В предисловии к роману «Дом паука» вы выражаете сожаление по поводу стремительного исчезновения традиционных аспектов жизни в Марокко в постколониальный период. По-вашему, это прискорбная ситуация?
Вы имеете в виду изменения? Европеизацию Марокко? Ну, я считаю, что если европеизация состоится — марокканская культура станет убогой (смеется).
Вы хотите сказать, что в однородности не было бы смысла?
Нет. Какая здесь может быть однородность?
И это вас беспокоит?
Нет, нет, я с сожалением наблюдаю за тем, как Марокко перестает быть средневековым государством, и перенимает некоторые европейские ценности.
Это ваше персональное мнение?
Естественно. У меня нет имперсональных мнений.
Вашу работу нельзя обвинить в пособничестве колонистам, не смотря на то, что вы писали задолго до того как Марокко обрело независимость. Кроме того, вы не связывали себя с развивающейся местной политикой. Какой позиции вы отдаете предпочтение как американский писатель?
Я никогда не имел ничего общего с местной политикой. Я не француз.

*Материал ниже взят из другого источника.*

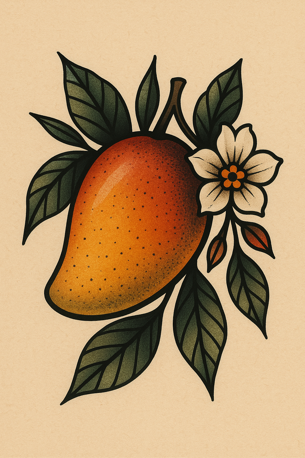 This image features a stylized mango surrounded by leaves and a flower, showcasing a vibrant, illustrative design. Ideal for food-related content or decor.

И тем более не марокканец.
Вашим первым романом был «Под покровом небес». Знаю, это было много лет назад, но какие обстоятельства подтолкнули вас к его написанию?
Никакие. То есть, я понятия не имею. Я просто начал писать. На самом деле, я не понимал, что делаю. Но знал, чего хочу.
Вы чувствовали себя приверженцем какой-либо литературной традиции? Я имею ввиду писателя, который повлиял на вас больше всех остальных.
Полагаю, Жан-Поль Сартр. Я ценю его философские взгляды. Он был атеистом и экзистенциалистом, который мне нравился, если хотите.
Мне вспомнился момент из романа «Под покровом небес», в котором Кит выходит из комфортабельного вагона первого класса: напуганная и исполненная отвращения к «аборигенам», она, в конечном счете, отправляется сменить одежду из страха подхватить пневмонию.
Нет, Таннер принуждает ее к этому!
Точно. Интересно, отказ в коммуникации «аборигенам» носит культурный или онтологический характер?
Определенно не культурный, поскольку она не видела ни культуры, ни, собственно, страны, по которой путешествует. И я не думаю, что ее это интересовало. Но она явно испытывала отвращение к овцам, скоплениям местных жителей в поезде; чувствовала, что находится во враждебной среде, в месте, где ей не следовало бы быть.
Любопытно, какова степень автобиографических деталей в вашем творчестве? То есть, в какой степени «Под покровом небес» отражает ваш собственный опыт?
Я не знаю. Во многих местах я использовал воспоминания о том, что видел. Но все же, большая часть была выдумана. А что касается выдуманного, то оно зачастую основано на воспоминаниях. Полагаю, так пишутся все романы, в той или иной мере.
Некоторые сцены в «Доме паука» демонстрируют более тесную связь с марокканской жизнью, в отличие от «Под покровом небес», который не позволяет себе подобного в отношении к Алжиру. В этом романе существует целая сюжетная линия, в которой главенствуют марокканские персонажи, а параллельно ей развивается другая — посвященная выходцам с Запада. И только ближе к финалу они отчетливо пересекаются. Но столкновение снова заканчивается поражением одной из сторон. Откуда такой пессимизм?
Пожалуй, это было неизбежно. Что же еще могло произойти? Вы утверждаете, что последние страницы «Дома паука» пессимистичны — что ж, таков, конечно, весь роман.
Но в какой-то момент, было похоже, что все-таки есть шанс на некоторое взаимопонимание. В конце романа оно испарилось: каждый пошел своим путем.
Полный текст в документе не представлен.